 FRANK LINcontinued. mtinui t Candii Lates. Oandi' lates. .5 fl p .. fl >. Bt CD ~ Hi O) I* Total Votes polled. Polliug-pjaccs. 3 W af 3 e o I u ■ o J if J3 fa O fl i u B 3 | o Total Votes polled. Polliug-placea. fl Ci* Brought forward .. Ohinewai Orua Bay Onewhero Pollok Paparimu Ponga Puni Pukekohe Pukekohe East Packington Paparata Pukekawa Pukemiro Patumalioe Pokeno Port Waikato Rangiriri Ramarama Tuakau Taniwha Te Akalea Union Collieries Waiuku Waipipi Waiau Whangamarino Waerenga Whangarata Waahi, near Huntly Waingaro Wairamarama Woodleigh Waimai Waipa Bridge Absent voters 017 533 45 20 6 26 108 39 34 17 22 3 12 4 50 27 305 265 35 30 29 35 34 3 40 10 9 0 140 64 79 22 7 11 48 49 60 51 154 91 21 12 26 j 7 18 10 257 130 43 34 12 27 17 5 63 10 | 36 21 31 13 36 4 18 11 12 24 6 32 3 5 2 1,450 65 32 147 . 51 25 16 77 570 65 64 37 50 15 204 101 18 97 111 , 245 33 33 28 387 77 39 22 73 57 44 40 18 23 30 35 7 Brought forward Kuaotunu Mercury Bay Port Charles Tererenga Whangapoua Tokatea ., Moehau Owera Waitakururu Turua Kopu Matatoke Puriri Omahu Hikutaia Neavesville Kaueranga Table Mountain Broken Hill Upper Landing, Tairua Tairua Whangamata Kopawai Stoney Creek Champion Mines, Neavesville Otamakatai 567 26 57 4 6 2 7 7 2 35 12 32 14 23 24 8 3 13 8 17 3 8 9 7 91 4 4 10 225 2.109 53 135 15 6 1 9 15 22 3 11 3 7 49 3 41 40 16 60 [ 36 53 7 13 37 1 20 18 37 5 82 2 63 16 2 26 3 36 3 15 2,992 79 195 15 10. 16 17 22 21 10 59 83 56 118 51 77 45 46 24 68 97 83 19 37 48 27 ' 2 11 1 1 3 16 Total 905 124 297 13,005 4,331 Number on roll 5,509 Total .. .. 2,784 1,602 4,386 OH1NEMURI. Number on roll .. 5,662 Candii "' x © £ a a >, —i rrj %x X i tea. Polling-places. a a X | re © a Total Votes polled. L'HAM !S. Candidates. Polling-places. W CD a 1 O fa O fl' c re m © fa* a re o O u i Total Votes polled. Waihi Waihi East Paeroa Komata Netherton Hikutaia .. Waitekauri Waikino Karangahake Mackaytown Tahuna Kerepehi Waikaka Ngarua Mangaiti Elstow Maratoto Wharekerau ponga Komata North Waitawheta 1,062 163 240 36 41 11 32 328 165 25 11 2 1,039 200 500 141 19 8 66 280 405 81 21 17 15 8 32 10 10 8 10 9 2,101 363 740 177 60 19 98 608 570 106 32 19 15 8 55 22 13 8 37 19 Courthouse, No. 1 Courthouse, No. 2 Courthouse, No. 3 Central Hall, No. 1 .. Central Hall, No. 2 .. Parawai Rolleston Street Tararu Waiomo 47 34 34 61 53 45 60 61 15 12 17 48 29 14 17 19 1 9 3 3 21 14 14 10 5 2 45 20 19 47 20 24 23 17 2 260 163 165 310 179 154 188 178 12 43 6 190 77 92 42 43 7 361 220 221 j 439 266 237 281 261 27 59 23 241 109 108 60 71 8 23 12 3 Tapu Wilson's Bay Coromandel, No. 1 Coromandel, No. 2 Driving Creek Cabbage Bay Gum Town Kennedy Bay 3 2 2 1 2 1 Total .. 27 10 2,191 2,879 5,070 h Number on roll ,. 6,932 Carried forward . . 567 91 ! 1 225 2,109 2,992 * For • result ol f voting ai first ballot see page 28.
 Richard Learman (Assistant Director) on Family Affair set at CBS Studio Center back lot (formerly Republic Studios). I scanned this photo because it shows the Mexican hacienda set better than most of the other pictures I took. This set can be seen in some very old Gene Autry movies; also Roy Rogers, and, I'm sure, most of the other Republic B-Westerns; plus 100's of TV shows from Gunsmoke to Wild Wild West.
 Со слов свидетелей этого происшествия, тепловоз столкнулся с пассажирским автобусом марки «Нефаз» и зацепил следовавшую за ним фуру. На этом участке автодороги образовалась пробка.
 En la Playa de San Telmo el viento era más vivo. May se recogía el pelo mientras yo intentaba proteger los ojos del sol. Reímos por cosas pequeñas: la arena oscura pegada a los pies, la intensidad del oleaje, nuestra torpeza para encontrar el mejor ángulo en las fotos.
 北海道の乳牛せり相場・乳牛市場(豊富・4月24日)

> What to work on
Nothing but the lines from the one containing "Richard Learman (Assistant" through the final line of the listing above belongs in the answer; set them down exactly.

> Solution to this problem
 Richard Learman (Assistant Director) on Family Affair set at CBS Studio Center back lot (formerly Republic Studios). I scanned this photo because it shows the Mexican hacienda set better than most of the other pictures I took. This set can be seen in some very old Gene Autry movies; also Roy Rogers, and, I'm sure, most of the other Republic B-Westerns; plus 100's of TV shows from Gunsmoke to Wild Wild West.
 Со слов свидетелей этого происшествия, тепловоз столкнулся с пассажирским автобусом марки «Нефаз» и зацепил следовавшую за ним фуру. На этом участке автодороги образовалась пробка.
 En la Playa de San Telmo el viento era más vivo. May se recogía el pelo mientras yo intentaba proteger los ojos del sol. Reímos por cosas pequeñas: la arena oscura pegada a los pies, la intensidad del oleaje, nuestra torpeza para encontrar el mejor ángulo en las fotos.
 北海道の乳牛せり相場・乳牛市場(豊富・4月24日)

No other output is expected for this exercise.